Review your business plan
In light of a potential economic downturn, it’s always a good idea to revisit and potentially revise your business strategy and plan to see if it’s still applicable. This will involve evaluating any debt you have or expect to incur as well as potentially altering your desired financing channels.
Monitoring the value of the pound sterling
When interest rates go up, the value of a currency can also see an increase. Businesses that operate in different countries and have income streams in varying currencies should monitor the value of the pound against these foreign currencies as it will have a knock-on effect on profits.
Watch your supply chain
If prices increase, it’s advisable that you keep an eye on any suppliers as, while you may be relatively insulated from the effects, this might not be true for your partners. Even if your funding is unaffected by changes to interest rates, your suppliers might be. This means they will need to increase their costs which often means you will have to as well.
Inflation and interest rate Q&A
What are interest rates?
Interest rate is the amount a bank, or other lender, charges an organisation or individual when they borrow money.
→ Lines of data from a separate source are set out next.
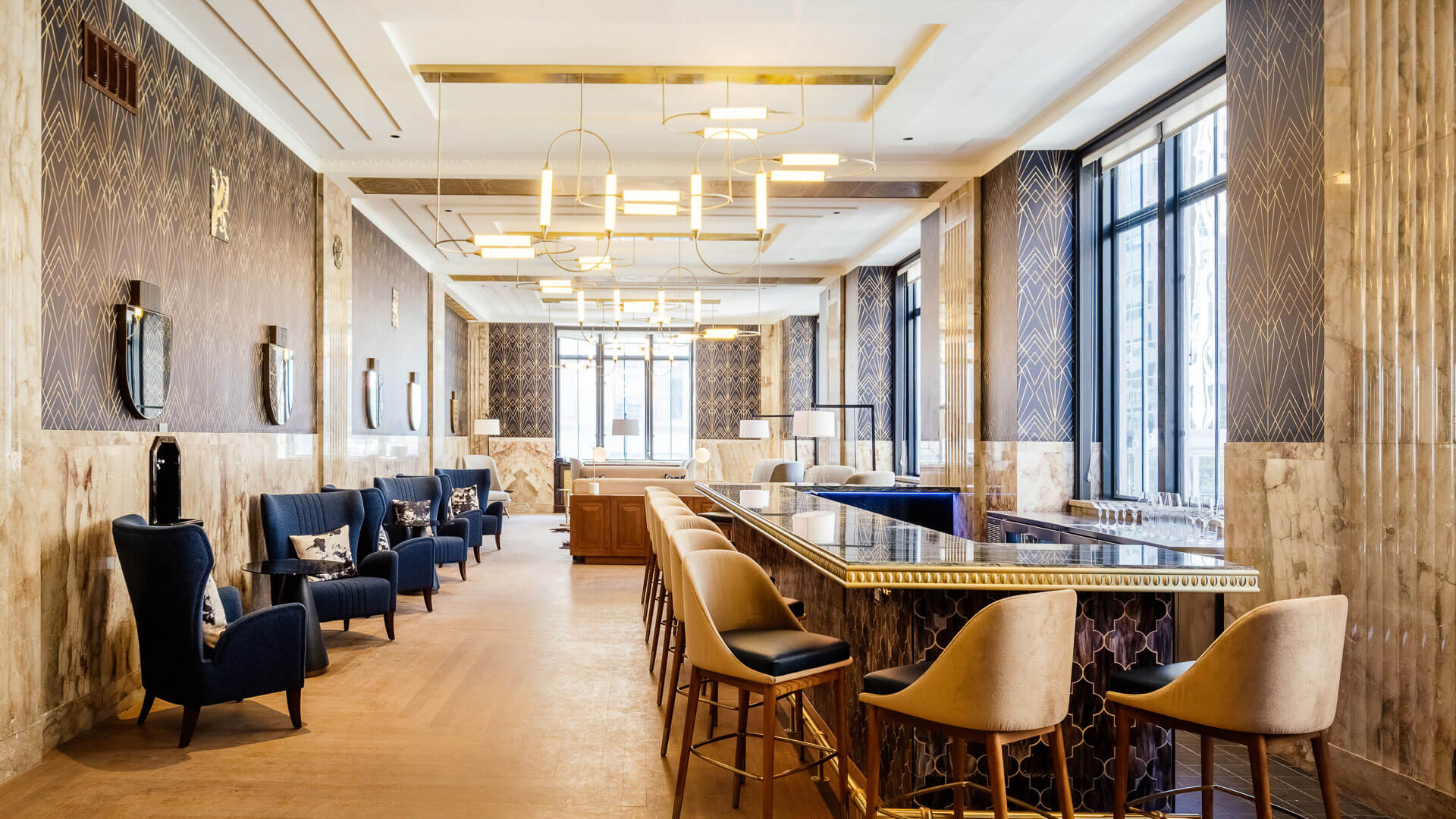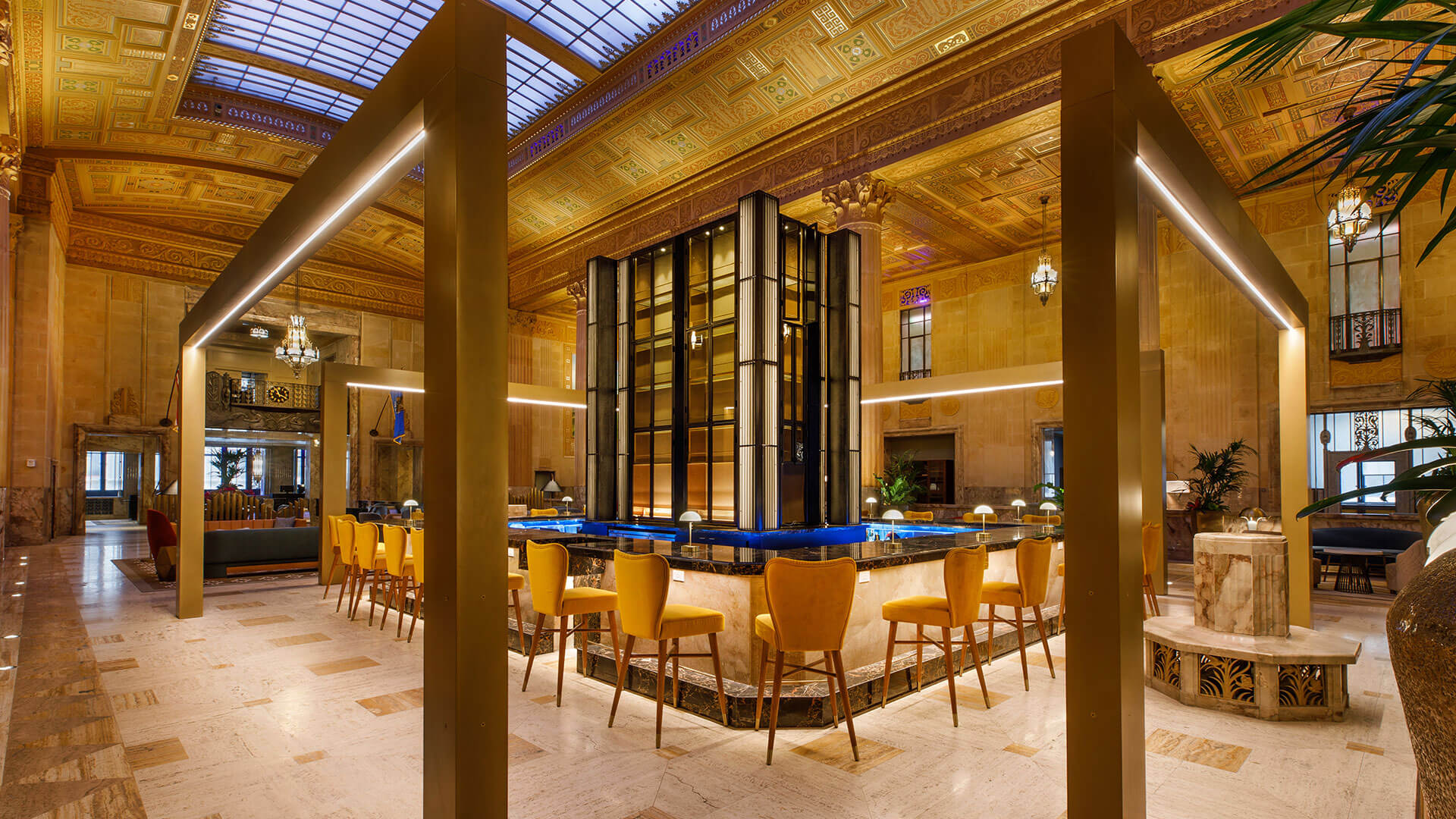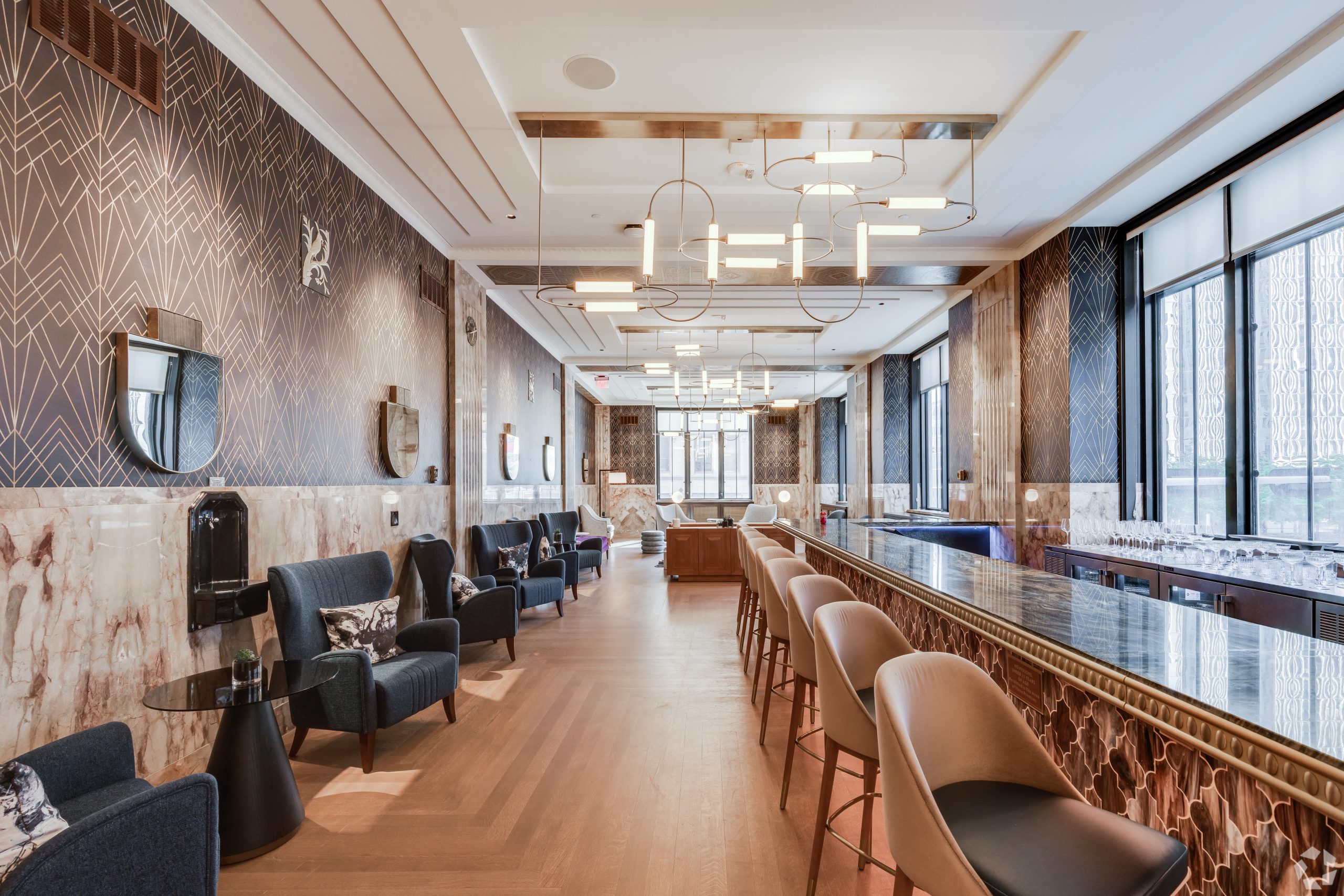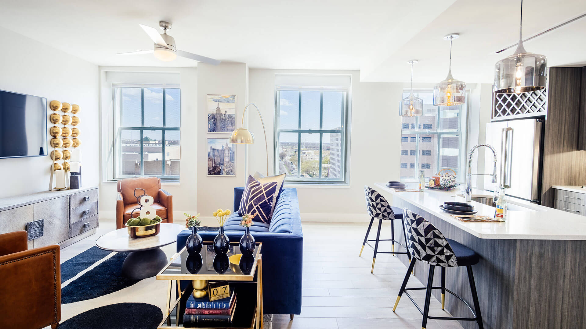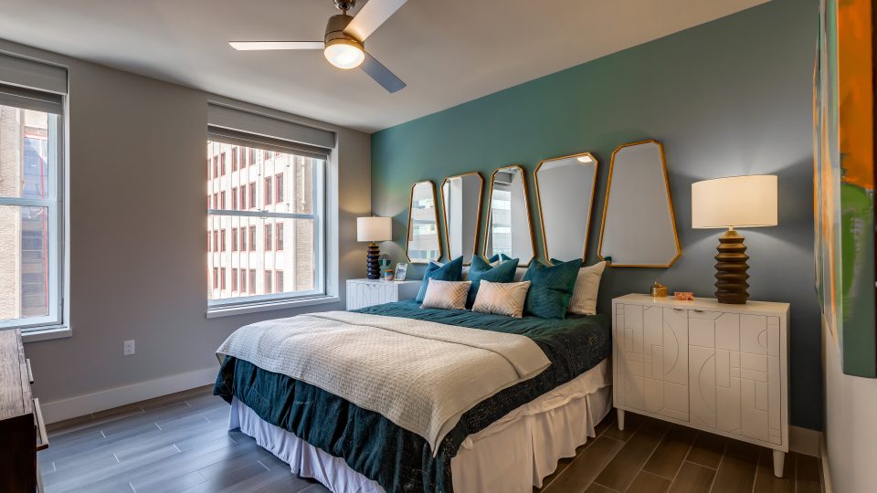 At The First, history and elegance is infused into every detail, every amenity, and every piece of art. Oil drilling, the banking industry, and even the history of Oklahoma are all woven into the fabric of our building, captured in stone, metal, and murals. Explore our gallery below for a closer look at the awe-inspiring finishes and historical details that set our apartments for rent in Oklahoma City above the rest.
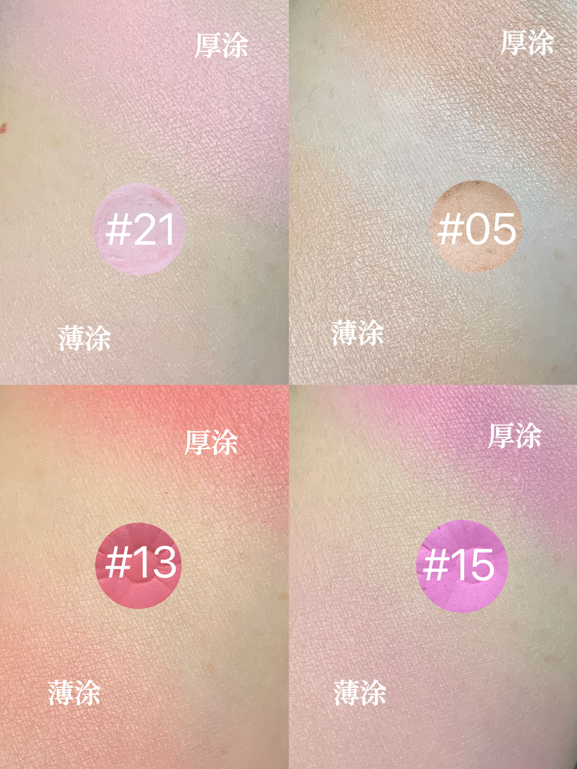 倩碧小雏菊试色哦 🔹#15 丁香紫 冷紫调 去黄气提亮亮 薄涂清冷 厚涂 冷艳 黄皮想显白闭眼入 🔹#21 仙女粉 单涂白开水妆 叠涂打底 脸部会有自然粉嫩的光泽感 属于膨胀色 和皮肤融合的很自然 有种浑然天成的饱满感 🔹#13 玫瑰色 比较冷门的颜色 爱的人会很爱 不爱的人会觉得村 薄涂是淡淡的偏红的粉色 厚涂比较显气色 总体来说属于比较亮色 明显的正粉红色 🔹#05 裸色阳光 ...
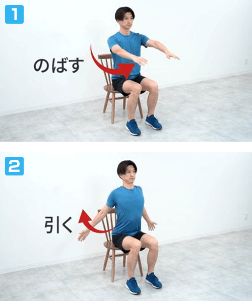 - 息を吸いながら胸を張ることで、より大きい動きをしやすくなります。
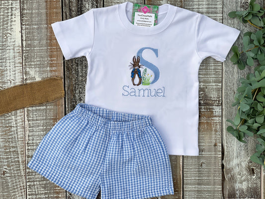 Custom Embroidered, Monogrammed, Personalized Peter Rabbit Letter Shirt and Blue Seersucker Gingham Short Set
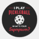 Sticker Rond Je joue à Pickleball Quel est votre superpuissance
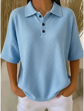 女性用 ワッフルシャツ 純色 エレガント 活発的 旅行度假风 ハーフスリーブ Vネック ロングトップス 日常 アウトドア ストリートウェア ホワイト ルビーレッド スカイブルー オレンジ ブラック 夏 春 秋
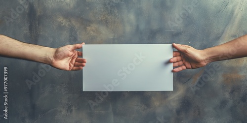 Hands Holding Blank Paper Sheet Against Textured Artistic Background

It is typically expressed as a percentage and is noted on an annual basis, called the annual percentage rate (APR).
Why are interest rates rising?
When inflation goes up, interest rates typically follow suit. This is because lenders want to compensate for the anticipated decline in purchasing power of the money they’ll be paid in future. It can also be set by the national bank with the goal of driving down prices.
What support is there for businesses?
There is a range of ways businesses can receive support navigating high-interest rates and economic downturns. These include Government Start-Up Loans and funding, venture capitalist schemes and business loans and grants
How will interest rates affect my business?
Increases in interest rates make taking on debt more expensive. This means you’ll have to prioritise using cash to cover interest costs. This may result in you having fewer investment opportunities over time or cash flow issues. However, this is dependent on your business’s overall financial health.
Will interest rates go down?
It is very difficult to predict inflation and interest rates in the coming period. If inflation remains at its current level, the interest rate will likely stay the same for some time. This is because it wants to avoid boosting consumer spending which would cause inflation to soar to even higher levels.
To sum up, while interest rates are seeing further increases in the near future, streamlining your business plan and seeking out alternative finance can help offset some of the negative impacts of the economic trend.